Não se há de dividir o número mirabolante de cursos assim ditos pelo total dos integrantes da pasta da Educação durante os quarenta anos. Se for preciso, far-se-á o trabalho. Teve-se notícia, com a assunção de Fernando Haddad, de uma tentativa tímida de redução de vagas no mais de milhar de instituições existentes, entendendo-se então que porção mínima de antídoto estaria sendo aspergida naquela porca multiplicação de cursos jurídicos tresmalhados da boa inspiração. Entretanto, breve verificação estatística permite a convicção, a ser quem sabe contestada, no sentido de que, contados em 2006, mais precisamente do dia 4 de agosto daquele ano, o Brasil dispunha de 1003 faculdades de direito em funcionamento. Daquela data a esta, sob a vigilância do Ministro Haddad, ou seja, em menos de quatro anos, criaram-se 237 novas faculdades de direito no país, desconhecendo-se as razões justificadoras do destampamento de válvula aparentemente proibitiva. O Ministro Fernando Haddad, ao que consta, tem possibilidade de permanecer no cargo, mas a verificação do tremeluzir da fosforescência no quadriênio traz a certeza de que existe ainda grande dose de estagnação sob o prometido comportamento revitalizador da ecologia do ambiente. Verifique-se que a linguagem elegante serve apenas para vestir aceitavelmente muita indignação do escriba. Evidentemente, cotejados os parâmetros atuais com aqueles advindos, inclusive, de Paulo Renato, poder-se-ia afirmar que o vazar da moralidade nas intersecções dos dedos do atual Ministro é menor. Seria? A comparação implicaria em atividade aritmética a exigir minúcia desnecessária porque os 237 cursos de direito abertos sob o guante do Ministro vertente teriam dificílima emulação com números iguais ou assemelhados em períodos anteriores.

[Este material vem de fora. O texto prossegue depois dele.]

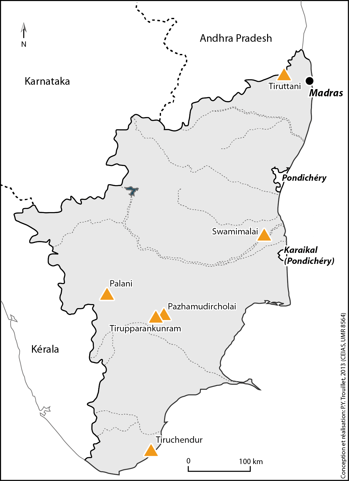 Il est utile de s’interroger aussi sur la traduction de ces luttes sociales, politiques et identitaires en termes de géographie religieuse, car elles ont été d’une importance majeure dans la constitution du territoire et de la scène politico-identitaire du pays tamoul contemporain. Changeons donc à nouveau d’échelle et observons comment le pèlerinage et l’image de certains dieux ont pu alimenter et traduire des luttes sociales, ainsi qu’une idéologie territoriale ayant profondément marqué cette région.
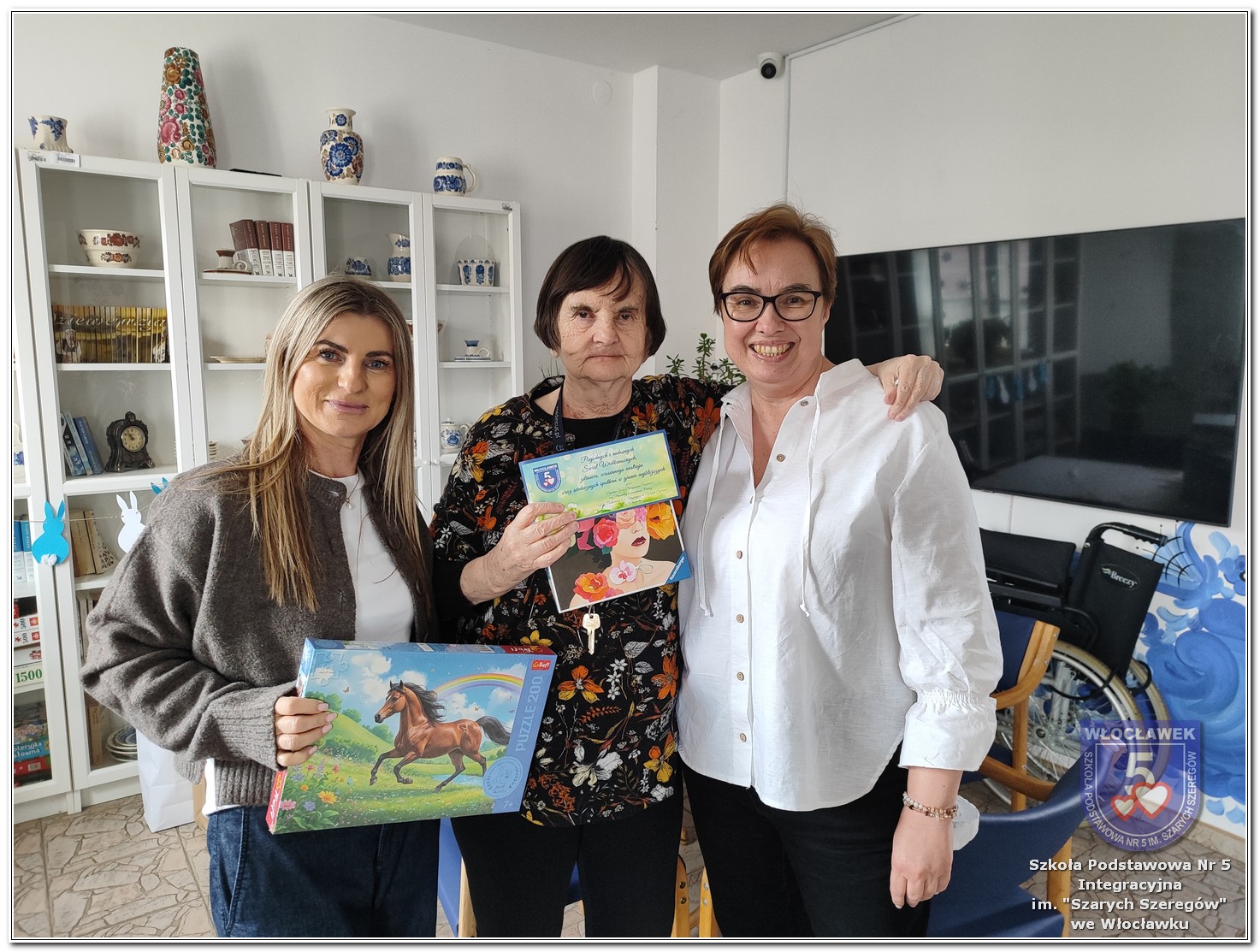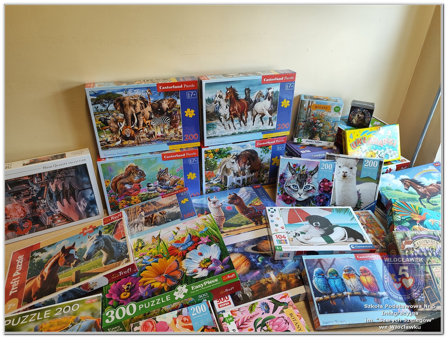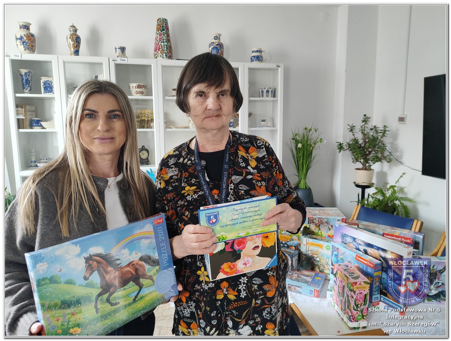 W ramach wspólnej inicjatywy Szkolnego Koła Wolontariatu „Razem SP5” oraz Samorządu Uczniowskiego w naszej szkole w dniach od 2 do 27 marca 2026 roku została przeprowadzona zbiórka puzzli przeznaczonych dla mieszkańców Domu Pomocy Społecznej przy ulicy Nowomiejskiej 19 we Włocławku. Akcja miała na celu wsparcie osób starszych poprzez dostarczenie im materiałów do aktywnego spędzania czasu oraz integracji. Zbiórka spotkała się z dużym zaangażowaniem uczniów, nauczycieli oraz rodziców. W jej trakcie udało się zebrać 23 zestawy puzzli o różnym stopniu trudności i tematyce. Dnia 31 marca 2026 roku opiekunowie Szkolnego Koła Wolontariatu „Razem SP5” oraz Samorządu Uczniowskiego udali się do Domu Pomocy Społecznej, gdzie oficjalnie przekazali zebrane dary. Podczas wizyty mieli okazję porozmawiać z mieszkańcami oraz pracownikami placówki, co było cennym doświadczeniem. Pracownicy Domu Pomocy Społecznej wyrazili wdzięczność za okazane wsparcie, podkreślając, że puzzle będą wykorzystywane podczas zajęć terapeutycznych oraz w czasie wolnym mieszkańców. Akcja była ważnym przedsięwzięciem, które nie tylko pomogło Seniorom, ale również uwrażliwiło uczniów na potrzeby innych oraz wzmocniło ducha współpracy i zaangażowania społecznego.
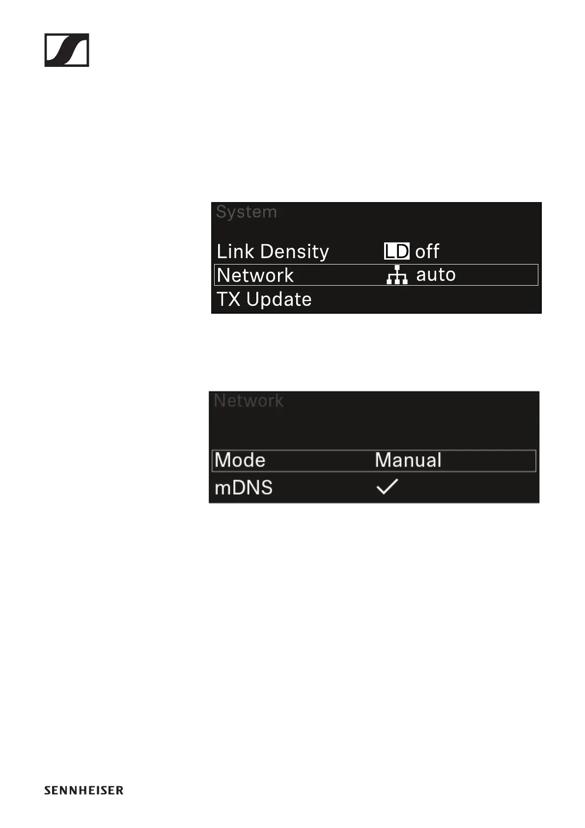 ▷ In the System menu, navigate to the Network menu item.

No meio de tudo isso, a Ordem dos Advogados critica de vez em quando a desfaçatez mas, aqui mesmo, nas fímbrias da Serra do Mar, 7 instituições de ensino, a maioria recente, se movimentam livremente, sem peias ou censuras outras, não valendo dizer que a metrópole tropeça em análoga competição extremamente acidulada.

A crítica ao estado de coisas minimamente descrito provém, creia-se, de quem vigia ardentemente o fenômeno vilipendiador desde o tempo em que a beca pregueada não exibia, ainda, a perda do brilho em razão do uso constante. Entretanto, serve o exemplo da antiga carpideira que, mesmo acorrentada e posta na imobilidade, movimentava os dois dedos exponenciais da mão direita, como a unir as duas lâminas de uma tesoura afiada. Enquanto assim for, assim será e, mesmo mais tarde, algum escrito ficará. Fechem-se as narinas, entrementes, aos eflúvios não perfumados dos omitentes!